Background Mouse models are useful in analysing pathomechanisms of atherosclerosis. LPS (lipopolysaccharide) given systemically aggravates the development of atherosclerotic plaques in LDLR (Low-Density Lipoprotein Receptor)-deficient (LDLR−/−) mice, involving Factor B (an alternative complement pathway protease).1 LPS binds to lipoproteins, which are pathologically elevated in LDLR−/−, and this binding reduces LPS toxicity.2 We investigated the cellular and humoural contribution of complement properdin (prop) to LPS-mediated cell signalling in dependence of LDLR.
Materials and Methods LDLR−/−propKO were obtained by crossing LDLR−/− with UoL properdin-KO mice. For the humoural assay, RAW264.7 (mouse macrophages) were incubated with LPS (from cell wall of Escherichia coli, serotype O111:B4, Alexis; 1 ng/ml, 20 min, after optimisation). LPS and genotypically different mouse sera (LDLR−/−propWT, LDLR+/+propWT, LDLR−/−propKO, LDLR+/+propKO) were pre-incubated for 30 min before addition to RAW264.7 cells. For the cellular assay, splenocytes were prepared from different mouse genotypes and stimulated with LPS (100 ng/ml, 20 min). Cell lysates were analysed using GAPDH (Millipore), IkB (Santa Cruz) and phospho-p38 (Cell Signalling) antibodies. Specific bands were evaluated densitometrically.

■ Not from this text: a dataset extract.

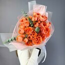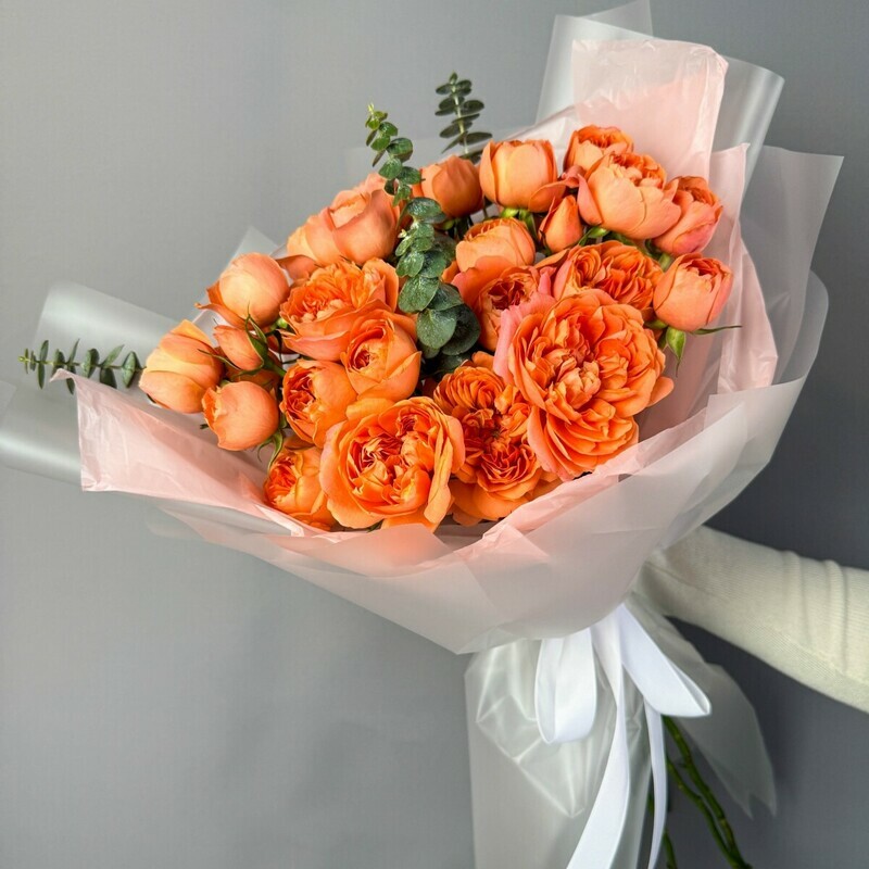 Buket kustovih pionovidnih roz. CHuvstvennie, effektnie, fotognenichnie butoni. Buton bol_shoj, s shikarnim raskritiem. Buket dopolnen trendovim evkaliptom bebi blyu i stil_noj, ne krichashej upakovkoj, kotoraya dopolnyaet krasotu tcvetov, ne ne peretyagivaet vnimanie na sebya.

Results LPS-mediated signalling is enhanced in the absence of properdin: preincubation with LPS of serum from LDLR−/−propKO leads to increased NF-κB signalling (approximately twofold) compared to preincubation with LPS of serum from LDLR+/+propWT. Stimulation with LPS of splenocytes from LDLR−/−propKO resulted in increased signalling (approximately fourfold) compared to stimulation of splenocytes from LDLR+/+propWT. LDLR−/− shows enhanced LPS-mediated stimulation compared with LDLR+/+ (consistent with3).
Conclusion We have discovered a properdin-dependent phenotype of LPS-mediated signalling. Properdin may modify the contribution of LPS to hyperlipoproteinemia-induced atherosclerosis.